Don't get me wrong, preparation in life is important, but we are always being prepared for the next thing throughout life until we eventually die. Preparation is not something we are taught but something we experience. 

This leads me to the realization that life happens now, not then. Life is not where you will spend your life, but who you will spend it with. Life is the everyday moments, not just the mountaintops and valleys.

When will we realize that the people who are around us, sharing the seemingly small moments, are what make us truly experience life in a full way? 

We desire to experience life "moments", but what do they matter if you don't have those you love to share them with? 

Acts 4:32 describes the church the following way. 
"Now the full number of those who believed were of one heart and soul, and no one said that any of the things that belonged to him was his own, but they had everything in common." 

One heart. 
One soul. 
They had everything in common. 

This is what it is like to live life. 

I am excited to see how sweet and fruitful my friendships will be 5, 10, even 20 years in the future. I intend on committing and cultivating these relationships, because that is what makes up my life.
My best friend made the comment to me the other day that in the future we will be "a force to be reckoned with." On the surface this seems comedic and we laughed, yet in context this was a very true and exciting thought. 

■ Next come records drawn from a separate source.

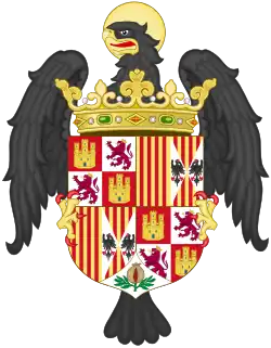 John's death was followed closely by that of his sister Isabella in 1498.[47] Her only child, Miguel de la Paz, died in 1500.[48] The Spanish kingdoms passed to his younger sister Joanna, her husband Philip the Handsome, and their Habsburg descendants.[32] Philip had himself and Joanna declared as 'Princes of Castile' which her parents saw as disrespectful towards his deceased brother-in-law.[46]
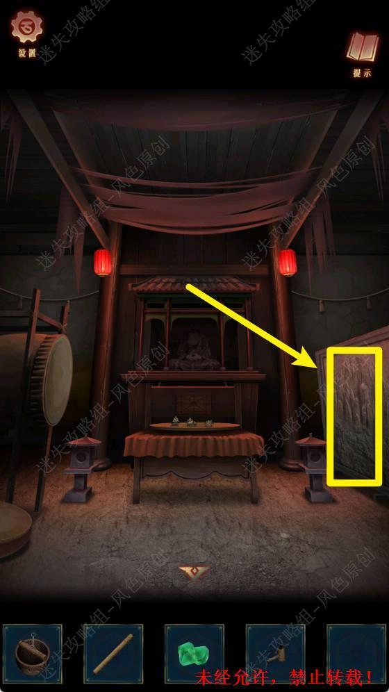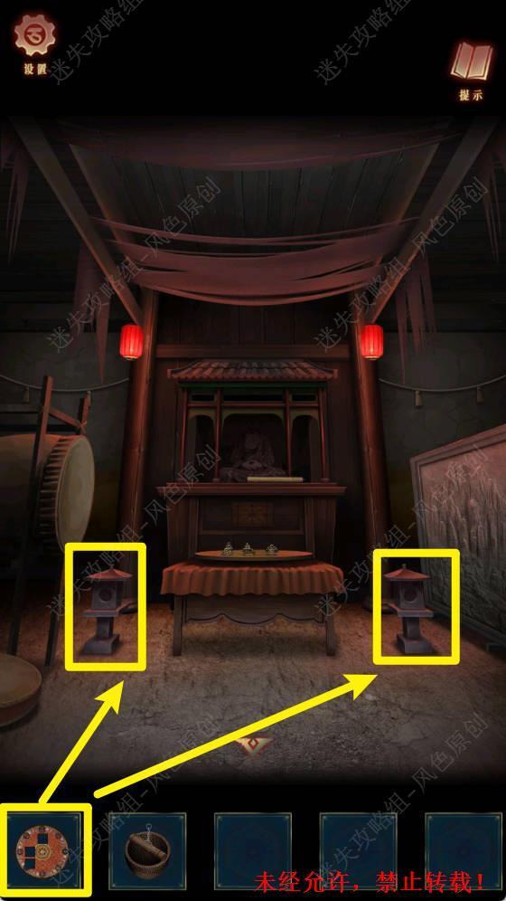 53. 根据祭拜事宜的线索提示,将六个佛像摆放为下图所示位置。可获取下方的【木制机关】和【长寿符】。 53
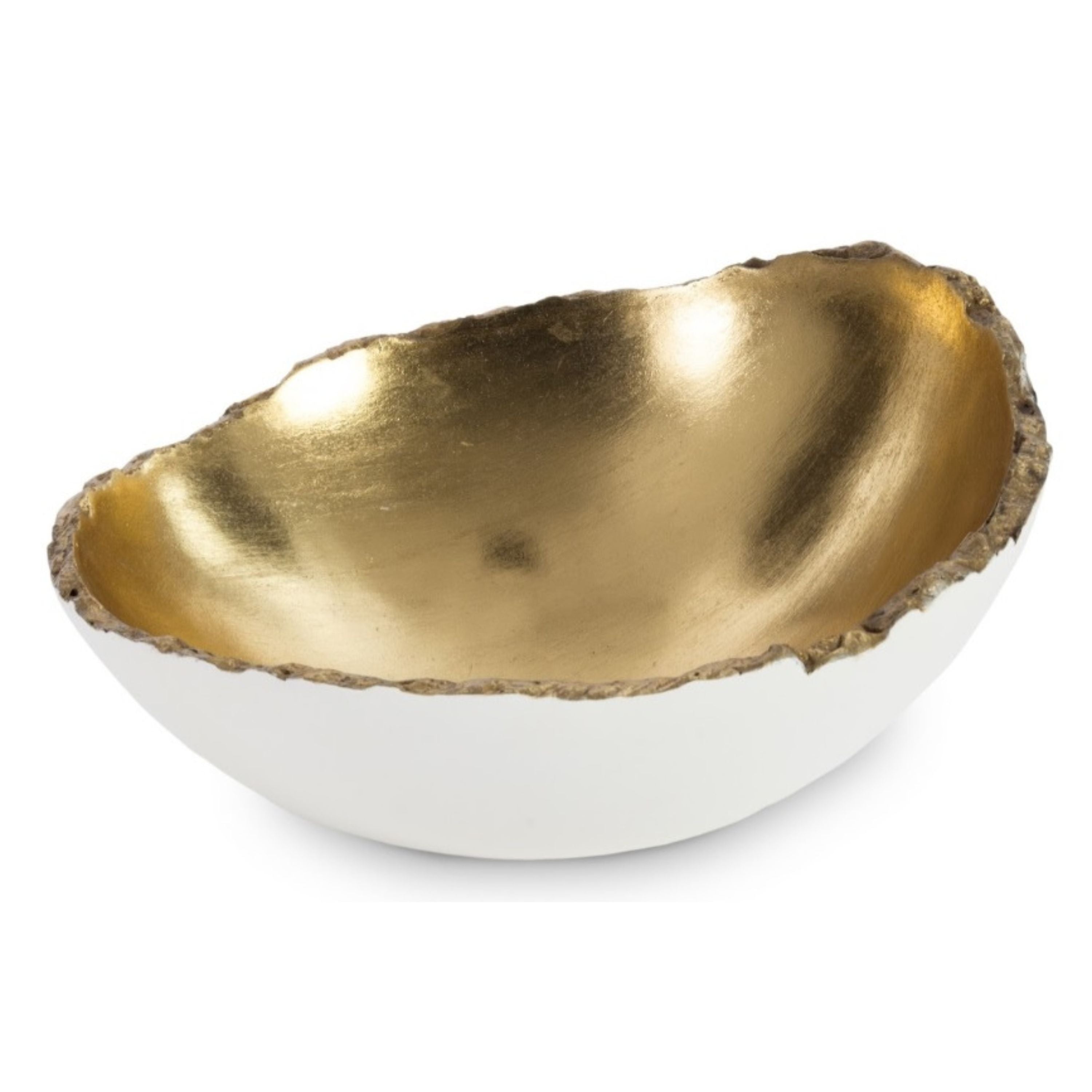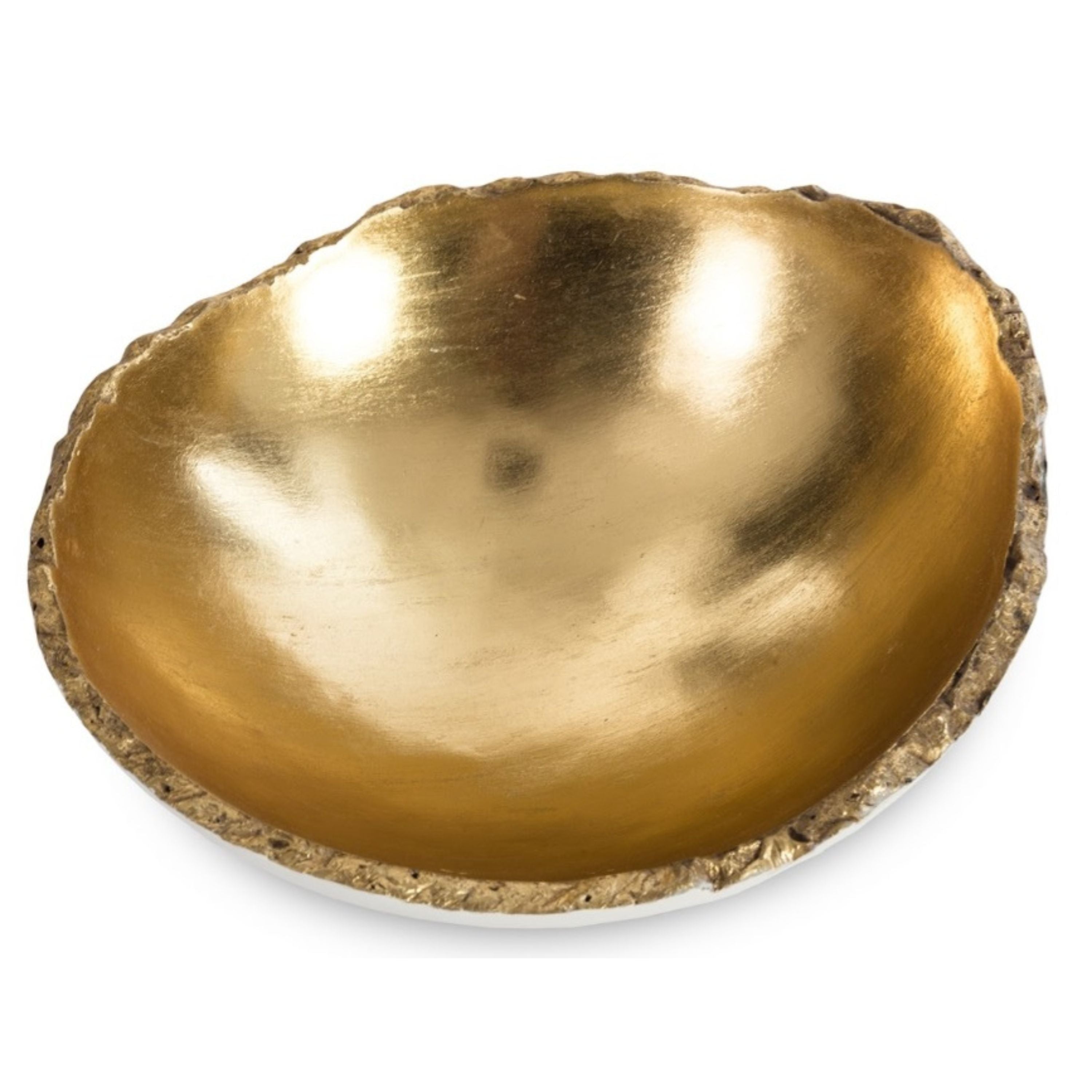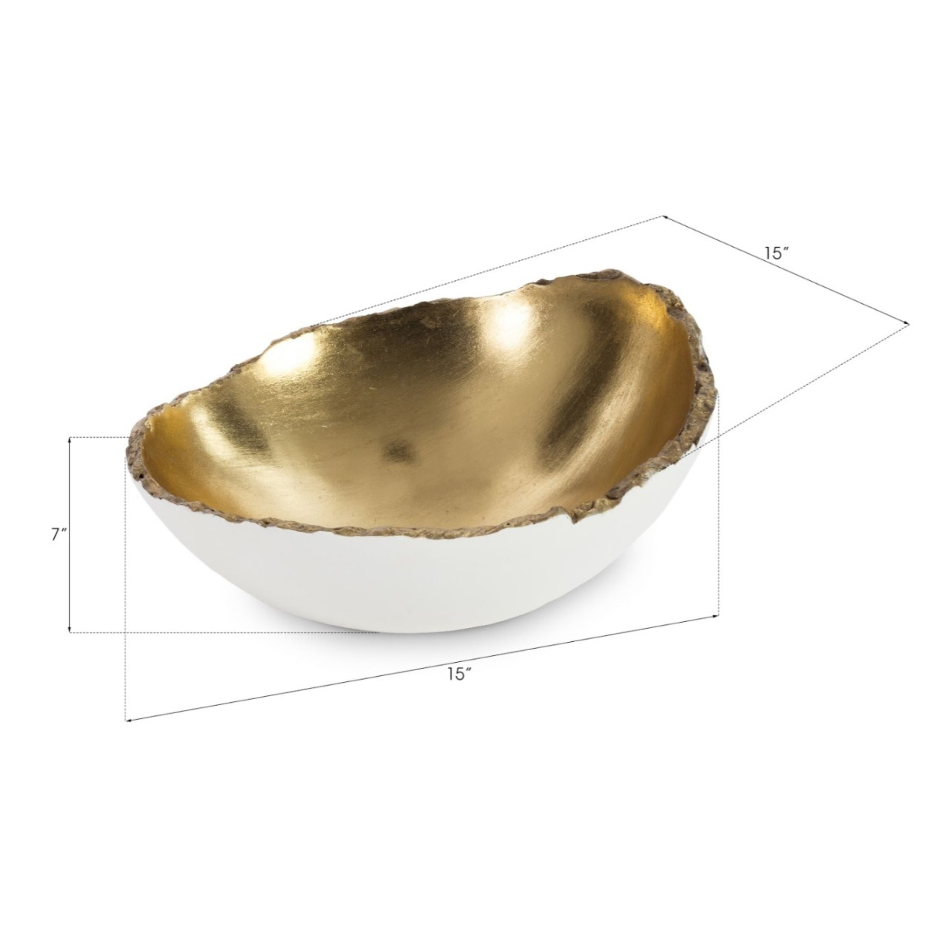 وعاء البيضة المكسورة الذهبي الضحل هو أحد منتجات مجموعة البيضة المكسورة من الإكسسوارات الزخرفية والأثاث ولوحات الجدران، والتي أُنتجت بالتعاون بين مجموعة فيليبس والمصمم الموهوب دان فولي. مصنوع من مواد مركبة، بطبقة داخلية من ورق الذهب المضيء وطبقة خارجية بيضاء لؤلؤية، سيتألق هذا الوعاء المزخرف من أي مكان. ورغم أنه وعاء زخرفي رائع بحد ذاته، إلا أنه متعدد الاستخدامات بشكل ملحوظ: املأه بكرات زجاجية شفافة لعرض أنيق فوق كومة من الكتب على طاولة القهوة أو على رف مكتبة. تُضفي عليه الزخارف الذهبية أجواءً احتفالية مثالية لديكور العطلات. كما نوفر الوعاء المزخرف بنسخة من ورق الفضة.

What could be accomplished in the world if we invested in others completely? With hearts knit together in The Lord what kind of healing and hope could we see in this world? When the church has one soul and a unified voice what kind of impact can we have for the Gospel?

1 John 4:12 tells us that "no one has seen God; if we love one another, God abides in us and his love is perfected in us."

If the world could tangibly see Christ in Me, the hope of glory, then what would change? 

We love because He first loved us.

Instead of moving on to greener pastures to make the best life possible, how about we realize that the people around us are what make up the best life possibile.